▶ **Task brief**: Print exactly the lines that run from the one containing "Remarque : Bien" to the final line of the data, both included, and print none of the pictures.

▶ **The data**:

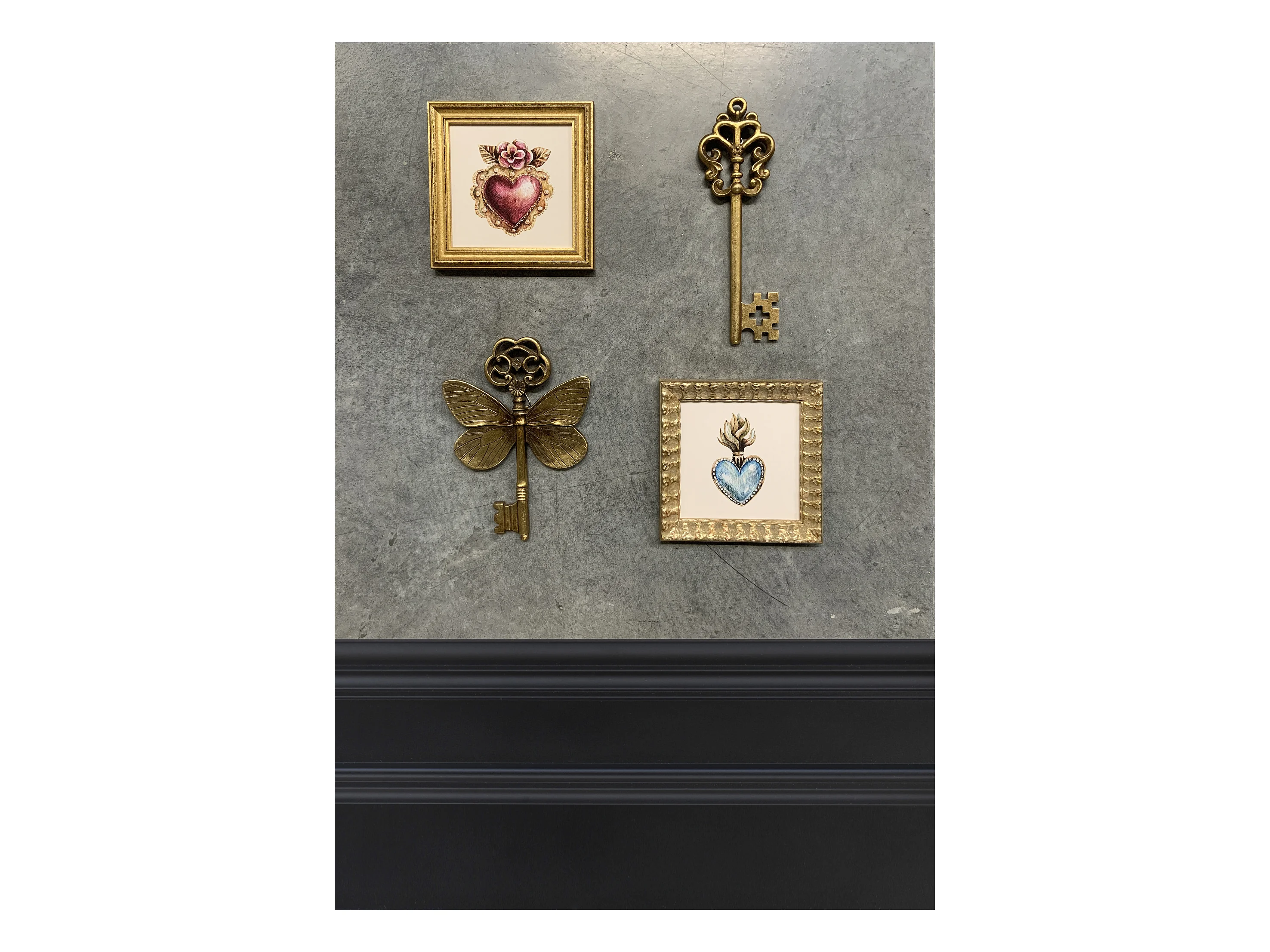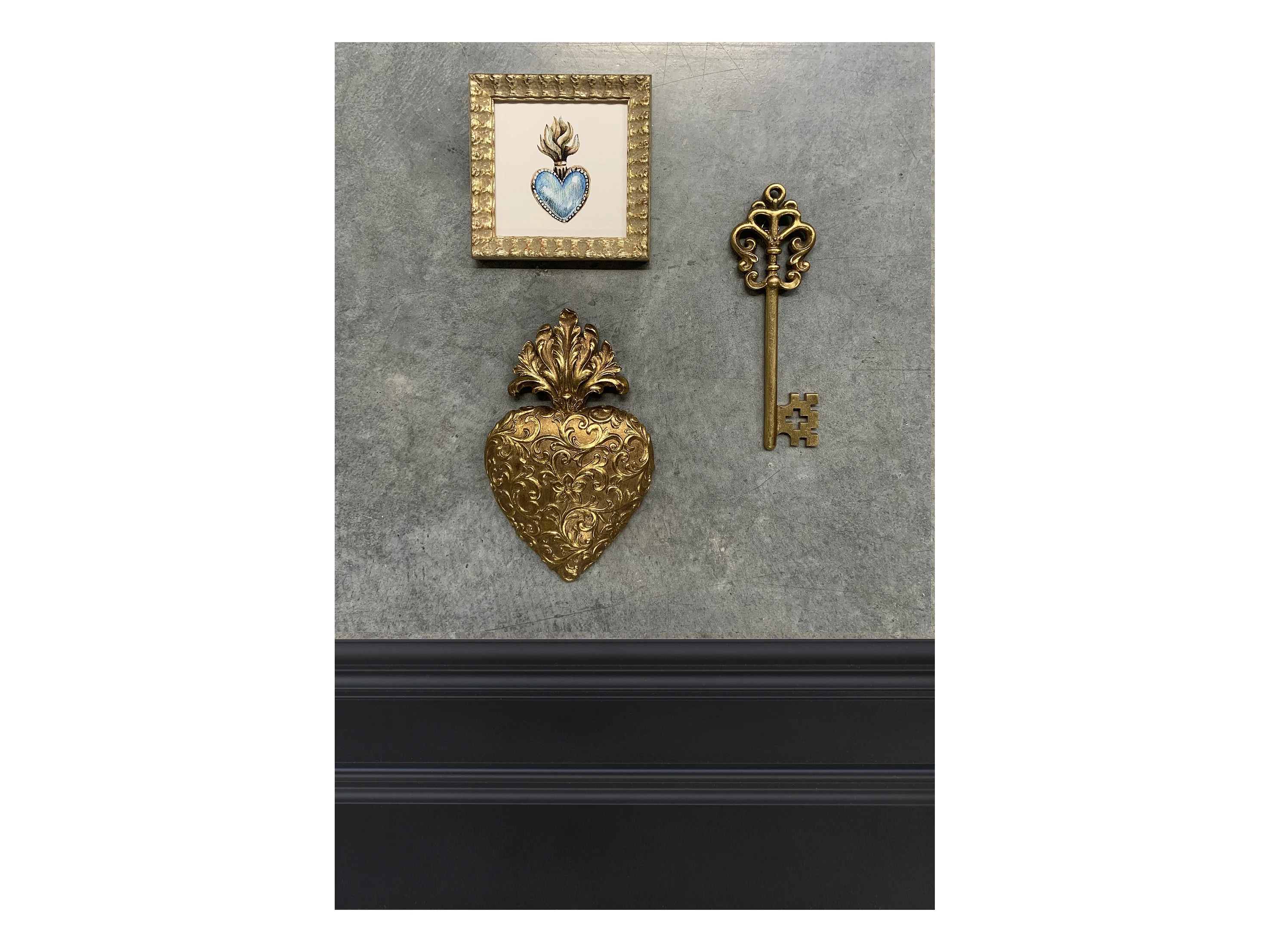 Déco murale ex-voto coeur plumes doré 24.7x25.3cm
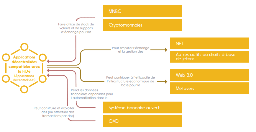 Remarque : Bien que la plupart des applications de FiDé utilisent de nos jours la cryptomonnaie pour échanger de la valeur, la monnaie numérique hors crypto (monnaie fiduciaire) peut aussi fonctionner. La principale exigence est que les transferts de fonds puissent être déclenchés automatiquement par un de contrats intelligents (une fois qu’on leur a donné lesautorisations appropriées). La FiDé n’est pas non plus une finance intégrée. C’est-à-dire lorsqu’une institution financière permet à d’autres organisations d’intégrer ses produits dans leur propre offre (p. ex., au moyen d’une API ou d’un SDK). Par exemple, un fournisseur d’achat à tempérament vous donne instantanément l’autorisation de crédit sur le site Web du commerçant. Vous ne quittez jamais le site du commerçant, mais vous êtes en mesure d’obtenir ce financement d’une tierce partie directement dans le processus de paiement du commerçant.
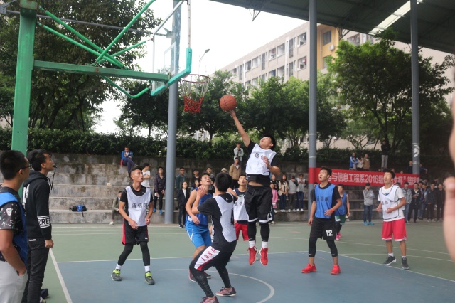 2016年10月11日、13日—14日,中午12:15分,持续3天的通信系2016届“新生杯”篮球赛,终于在10月14号画上完满的句号!比赛是为了提高新生对学校竞技体育参与的积极性,加强同学们的团队意识,增强同学们的体质,让同学们切实的体会到竞技体育带给自身的快乐,我系体育协会 特意举办了第4届“新生杯”比赛。连续一周的阴雨与低温,让同学们早已将厚厚的外套穿在身上,然而在C区篮球场,却有着这样的一群人,他们身着单薄的球衣,手戴颜色鲜艳的护腕,在球场上奔跑、跳跃。

▶ **Answer section**:
 Remarque : Bien que la plupart des applications de FiDé utilisent de nos jours la cryptomonnaie pour échanger de la valeur, la monnaie numérique hors crypto (monnaie fiduciaire) peut aussi fonctionner. La principale exigence est que les transferts de fonds puissent être déclenchés automatiquement par un de contrats intelligents (une fois qu’on leur a donné lesautorisations appropriées). La FiDé n’est pas non plus une finance intégrée. C’est-à-dire lorsqu’une institution financière permet à d’autres organisations d’intégrer ses produits dans leur propre offre (p. ex., au moyen d’une API ou d’un SDK). Par exemple, un fournisseur d’achat à tempérament vous donne instantanément l’autorisation de crédit sur le site Web du commerçant. Vous ne quittez jamais le site du commerçant, mais vous êtes en mesure d’obtenir ce financement d’une tierce partie directement dans le processus de paiement du commerçant.
 2016年10月11日、13日—14日,中午12:15分,持续3天的通信系2016届“新生杯”篮球赛,终于在10月14号画上完满的句号!比赛是为了提高新生对学校竞技体育参与的积极性,加强同学们的团队意识,增强同学们的体质,让同学们切实的体会到竞技体育带给自身的快乐,我系体育协会 特意举办了第4届“新生杯”比赛。连续一周的阴雨与低温,让同学们早已将厚厚的外套穿在身上,然而在C区篮球场,却有着这样的一群人,他们身着单薄的球衣,手戴颜色鲜艳的护腕,在球场上奔跑、跳跃。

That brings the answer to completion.